Currently only the institute's address is used in the default template, but
future extensions will be based on this convention.

### Semantic citations

Understanding the reason a citations is included in scholarly articles usually
requires natural language processing of the article. However, navigating the
current literature landscape can be improved and by having that information
accesible and in a machine-readable form. Pandoc scholar supports the CiTO
ontology, allowing authors to specify important meta-information on the citation
directly while writing the text. The property is simply prepended to the
citation key, separated by a colon: `@<property>:citationKey`.

The following table contains all supported keywords and the respective
CiTO properties.

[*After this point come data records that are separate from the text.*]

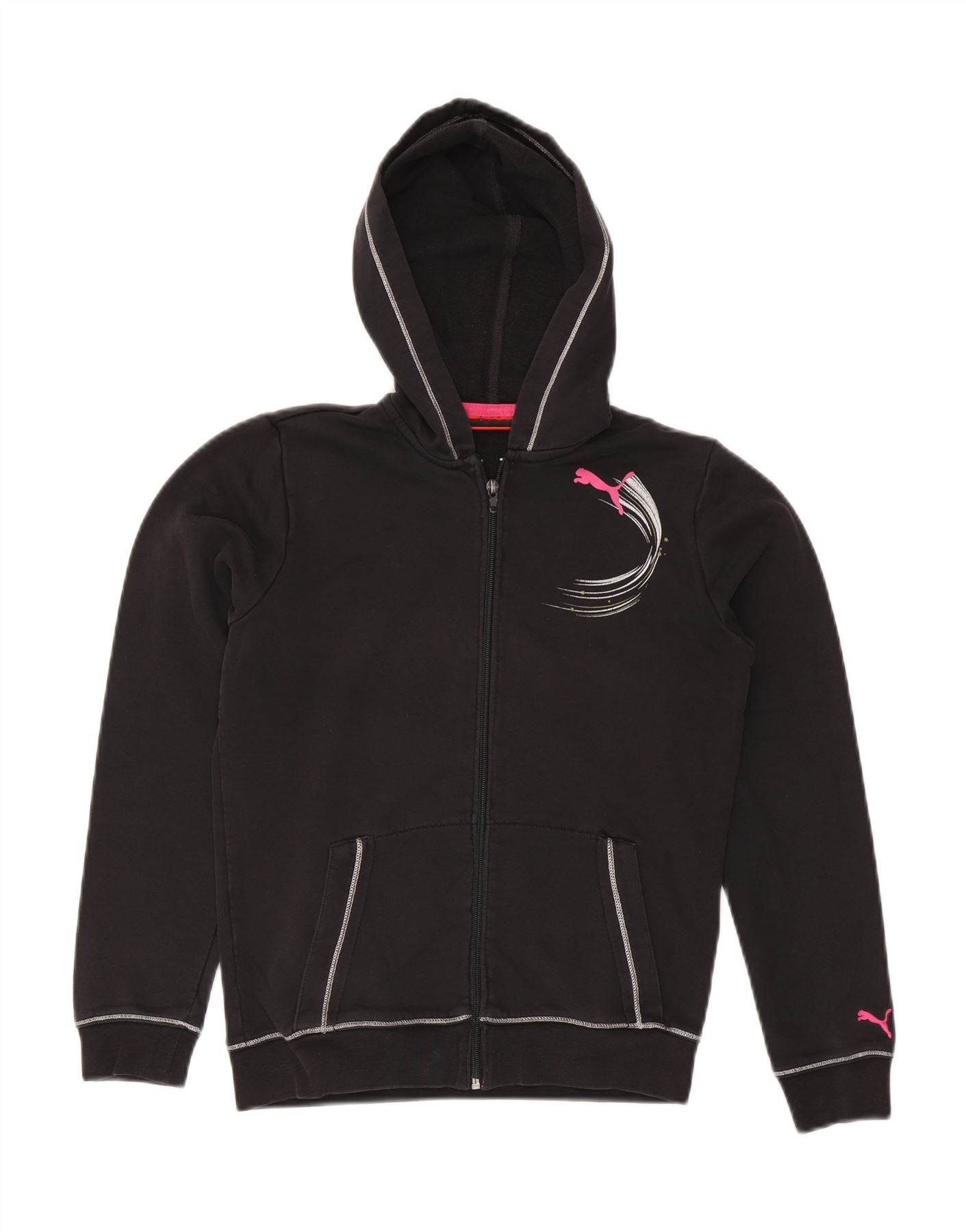 PUMA Sudadera con capucha y cremallera gráfica para niñas 13-14 años Algodón negro
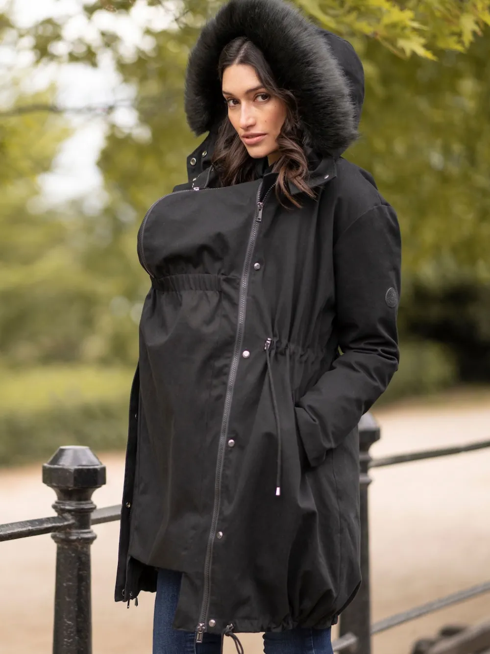 Zip-off kangaroo panel to wear with a baby sling Warmth level 4 – for extreme cold climates 100% cotton outer – wind & shower resistant Adjustable drawstring ties Hood with faux-fur trim Baby sling sold separately Machinewasbaar. Buitenkant 100% katoen. Voering 100% polyester. Vulling 100% polyester.
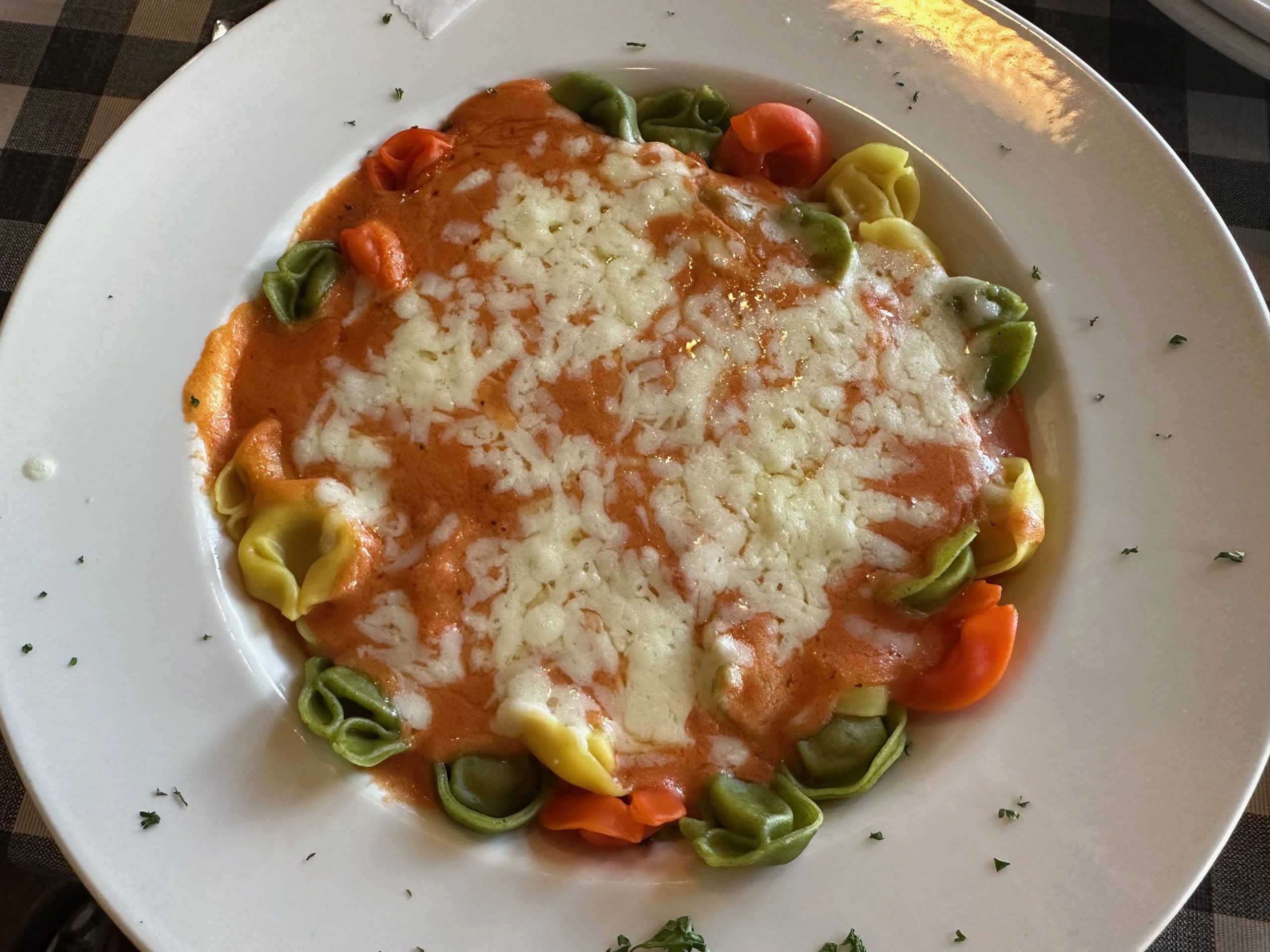 3 September 2023: When it comes to creativity in naming food, you can’t beat Italians. Who but Italians would name a pasta “Priest Strangler” (strozzapreti) and another one “whore’s pasta” (puttanesca)? Italians are adept at naming pasta for body parts, too. There’s Orecchiette (ear) and Tortellini (a woman’s navel) just to name two. Inventor Giuseppe Cerri’s wife or girlfriend must have had an “outie” because that’s what the pasta resembles. Mario’s tortellini (small pasta dumplings filled with ricotta cheese and topped with meat sauce) is the best in town though instead of meat sauce, I recommend the tomato alfredo. This is a very rich dish served in a profligate portion. You’ll certainly be taking some home with you which is just fine because the sauce improves with time. The tortellini are the color of the Italian flag: red, white and green. This tortellini is so good, you’ll want to fly the Italian flag and salute it.

Authors are free to use the short-form, the full-length
property, or any of the alternatives listed below (i.e., all word in a
row denote the property and have the same effect).

CiTO property                  | Keyword             | alternatives
------------------------------ | ------------------- | ---------------------
agrees\_with                   | agrees\_with        | agree\_with
citation                       |                     |
cites                          |                     |
cites\_as\_authority           | authority           | as\_authority
cites\_as\_data\_source        | data\_source        | as\_data_source
cites\_as\_evidence            | evidence            | as\_evidence
cites\_as\_metadata\_document  | metadata            | as\_metadata_document
cites\_as\_recommended_reading | recommended_reading | as\_recommended\_reading
disputes                       |                     |
documents                      |                     |
extends                        |                     |
includes\_excerpt\_from        | excerpt             | excerpt\_from
includes\_quotation\_from      | quotation           | quotation\_from
obtaines\_background\_from     | background          | background\_from
refutes                        |                     |
replies\_to                    |                     |
updates                        |                     |
uses\_data\_from               | data\_from          | data
uses\_method\_in               | method              | method\_in

Example:

    DNA strands form a double-helix [@evidence:watson_crick_1953].


License
-------

Copyright © 2016–2018 Albert Krewinkel and Robert Winkler except for the
following components:

- HTML template: © 2016 Andrew G. York and Diana Mounter
- dkjson: © 2010-2013 David Heiko Kolf
- lua-filters: © 2017-2018 John MacFarlane, Albert Krewinkel, Jesse Rosenthal,
  and Greg Tucker-Kellogg

This program is free software; you can redistribute it and/or modify it under
the terms of the GNU General Public License as published by the Free Software
Foundation; either version 2 of the License, or (at your option) any later
version.

This program is distributed in the hope that it will be useful, but WITHOUT ANY
WARRANTY; without even the implied warranty of MERCHANTABILITY or FITNESS FOR A
PARTICULAR PURPOSE. See the GNU General Public License for more details.

You should have received a copy of the GNU General Public License along with
this program; if not, write to the Free Software Foundation, Inc., 51 Franklin
Street, Fifth Floor, Boston, MA 02110-1301 USA.